In 1956, when their daughter was two years old, Faith used her middle-class security to become a fulltime political activist, determined to eradiate discriminatory laws and practices against Aboriginal peoples. In this project, she was shaped by her political mentors, Pearl Gibbs and Jessie Street. The former, an Aboriginal activist who had organized the Aboriginal Day of Mourning in 1938, saw Faith as the important link between the white elite and Aboriginal people. The latter, a feminist activist from an earlier generation, moulded Faith’s talents as a communicator across race and class, to make her into a first rate public speaker and lobbyist. From these two women, Faith developed her own style of public presentation and persuasion.
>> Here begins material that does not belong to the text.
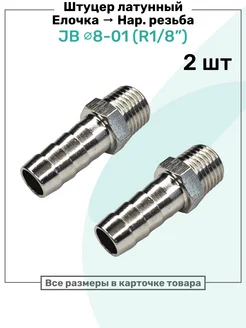 Штуцер елочка с наружной резьбой JB 8-01, 8мм - R1 8", 2шт
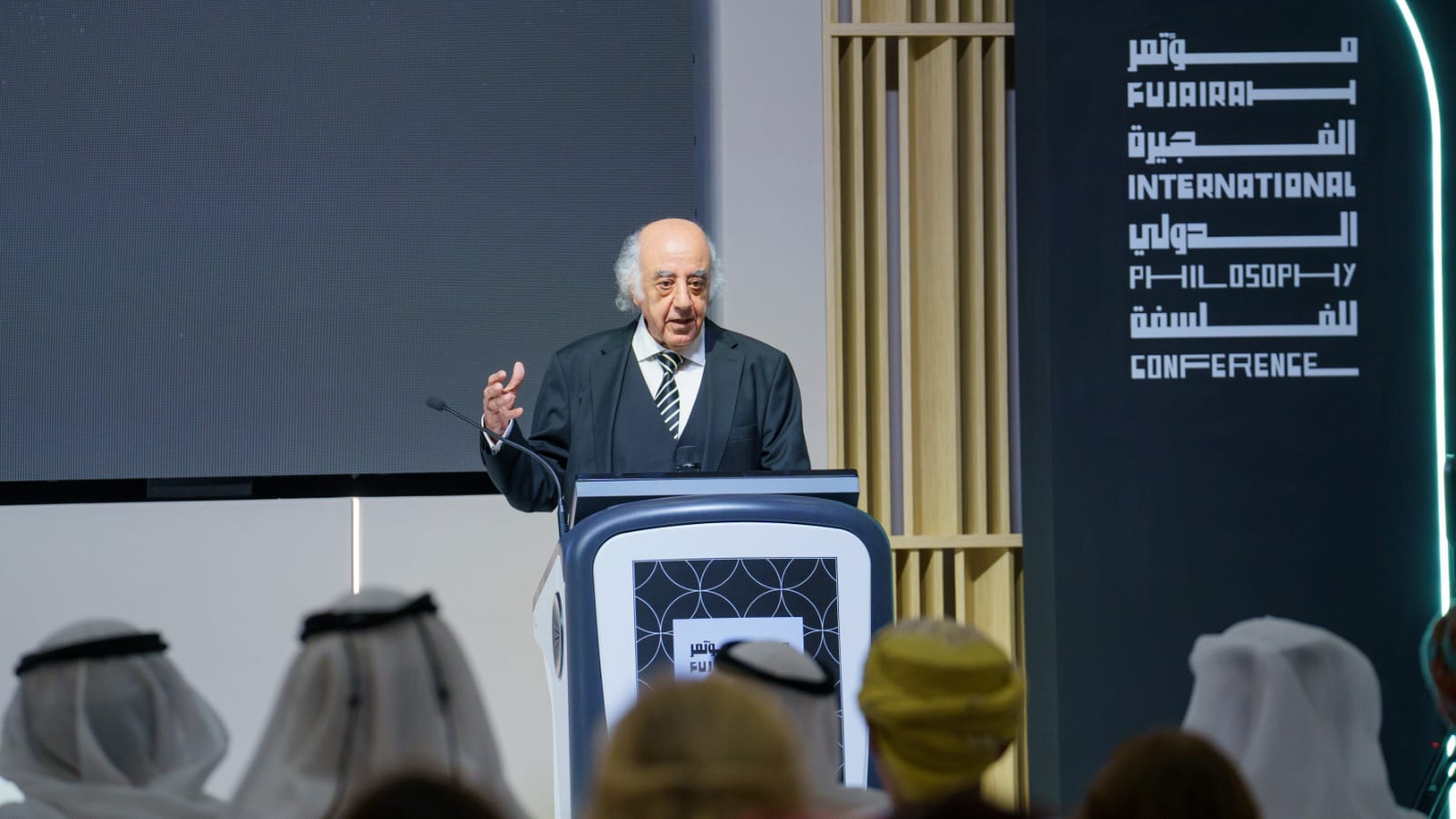 و أشاد بجهود بيت الفلسفة بالفجيرة لفتح آفاق متجددة للحوار الإنساني الذي يمدّ جسور المعرفة والتفكير والتعقّل، متمنيًا للمؤتمر وللمشاركين فيه تحقيق أهدافه المرجوّة..

Marilyn Lake places Faith Bandler’s life as a political activist into two periods. The first from 1956 to 1973, which Lake calls ‘the challenge of coalition politics’, concerns her involvement in the Aboriginal-Australian Fellowship (AAF), the Federal Council for the Advancement of Aboriginal and Torres Strait Islanders (FCAATSI) and the campaign to amend Section 127 of the Australian constitution to enable Aboriginal people to be recognized as citizens of the Australian nation in the same way as other Australians. Lake provides a valuable account of the strengths and weaknesses of coalition politics in this period and the difficulties each organization had in working through gender, racial and cultural differences about discrimination, assimilation and integration. Faith Bandler had to learn not to be offended when she was overlooked for key positions by her own supporters on the grounds that she was a woman or that she was not white. But during the Referendum campaign in 1966 and early 1967 she came into her own. She addressed hundreds of public meetings and used her media skills, dazzling good looks, stylish appearance, commitment to the cause and charismatic personality to change the hearts and minds of white Australians about the role and place of Indigenous people in Australian society. By the time the Referendum was won in May 1967, Faith Bandler had become a major public figure.
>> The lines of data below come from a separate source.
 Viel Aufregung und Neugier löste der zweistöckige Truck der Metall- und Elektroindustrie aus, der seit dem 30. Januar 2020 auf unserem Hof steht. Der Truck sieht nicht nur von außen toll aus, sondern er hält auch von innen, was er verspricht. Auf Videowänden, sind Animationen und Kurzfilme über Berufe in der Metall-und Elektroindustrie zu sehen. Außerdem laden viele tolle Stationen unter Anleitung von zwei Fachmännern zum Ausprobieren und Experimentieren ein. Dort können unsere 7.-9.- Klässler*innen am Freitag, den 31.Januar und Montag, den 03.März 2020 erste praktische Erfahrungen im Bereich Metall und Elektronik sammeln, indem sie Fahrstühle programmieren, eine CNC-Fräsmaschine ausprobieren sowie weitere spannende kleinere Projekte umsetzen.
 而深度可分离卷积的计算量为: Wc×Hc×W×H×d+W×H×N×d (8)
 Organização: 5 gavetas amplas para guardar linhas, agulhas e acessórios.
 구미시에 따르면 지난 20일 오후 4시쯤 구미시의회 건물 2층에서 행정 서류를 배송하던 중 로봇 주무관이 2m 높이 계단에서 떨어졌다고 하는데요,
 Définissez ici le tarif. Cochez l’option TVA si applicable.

By 1970, however, following the emergence of what Lake calls ‘the ambiguities of Black Power’, Faith Bandler was sidelined from the Aboriginal struggle. Being black but not Aboriginal was now a disadvantage. So in 1974 she began a new kind of activism, researching and writing four books: a novel about her father and his experiences as a South Sea Islander kidnapped into slavery in Queensland; another about her brother and his early life in northern New South Wales; and two histories about the struggle for the 1967 referendum. At the same time she conducted a campaign for legal recognition of the South Sea Islanders. This proved more difficult to win than the ‘Yes’ campaign in 1967, in that she not only had to reframe the dominant language of dispossession that was now used to advocate Indigenous rights, she had to challenge the revisionist historians who claimed that the South Sea Islanders were willing indentured labourers rather than slaves and thus did not need special recognition. In the year 2000, the Queensland government offered a measure of official recognition to the South Sea Islanders when it conducted a ‘recognition ceremony’ at Parliament House in Brisbane.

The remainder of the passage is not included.